Companies that have more cash surplus decide the share buyback. IT sector giants like TCS had recently announced a share buyback of 16 thousand crores and Wipro 9500 crores. Earlier in 2018 too, TCS announced a share buyback of 16 thousand crores. Under share buyback, the company buys back its shares in the market. The buyback reduces the number of shares of the company in the open market. The company does buyback because the number of shares available in the market increases due to the decrease in the number of shares in the open market and as a result the value of the shareholders also increases. This also increases returns. Shareholders get the advantage that companies buyback at a premium price (higher than the current share price).
Trust in the company increases
Analysts believe that unless the stock is undervalued, the decision to buyback should not be taken by the management. When a company decides on a share buyback, it shows that the company has sufficient capital. The buyback decision gives shareholders confidence that the company will benefit if it has more cash, rather than reinvesting it in any other assets.

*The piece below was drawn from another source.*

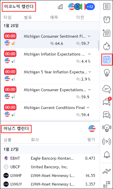 경제 캘린더도 트레이딩 뷰에서 확인이 가능합니다.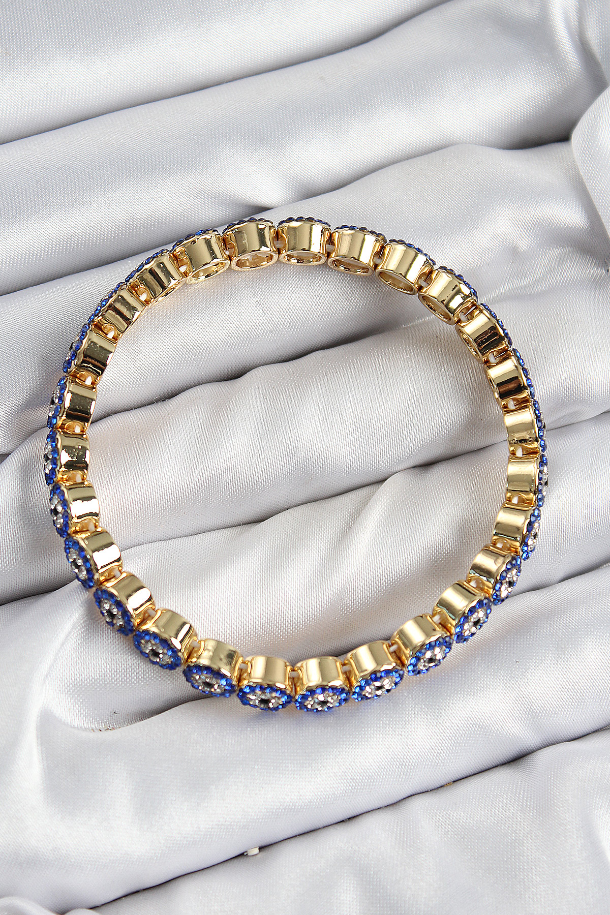Pirinç Zirkon Taşlı Lacivert Nazar Model Gold Renk Lastikli Kadın Bileklik

TCS and Wipro have done buyback this month
TCS had decided to buyback at a price of Rs 3000 per share, while its closing price on that day (7 October) was Rs 2737 per share. Similarly, Wipro also had a buyback at a price of Rs 400 per share, while its shares closed at Rs 375.75 on that day (October 13). Apart from TCS, Wipro, Sun Pharma, Supreme Petrochem, Emami, Dalmia Cement and Granules India Ltd have also announced share buybacks.
There are two ways to buyback
There are two types of buybacks. One is the open tender offer from the current shareholders and the other the open market through the stock exchange. Most companies take the open market offer route. In the buyback done through the tender offer route, 15 percent of the shares have to be reserved to buy back from the small shareholders. Small shareholders means investors whose market value does not exceed 2 lakhs on record date.
Tips for investors
- Investors should analyze the movement of share price immediately before the announcement of buyback. If there is a sharp rise in the stock price then investors should be careful.
- Investors should also pay attention to the size, price and duration of the offer. If the buyback size is too low as compared to the total market cap of the company, one should not expect a significant change in the stock price after the buyback.
- Investors should focus on debt-equity ratio. If the debt level is higher than the industry average, it means that in the near future, the company’s free cash flow will not be better.
- Some investors prefer dividends more than buybacks as it is more tax-efficient.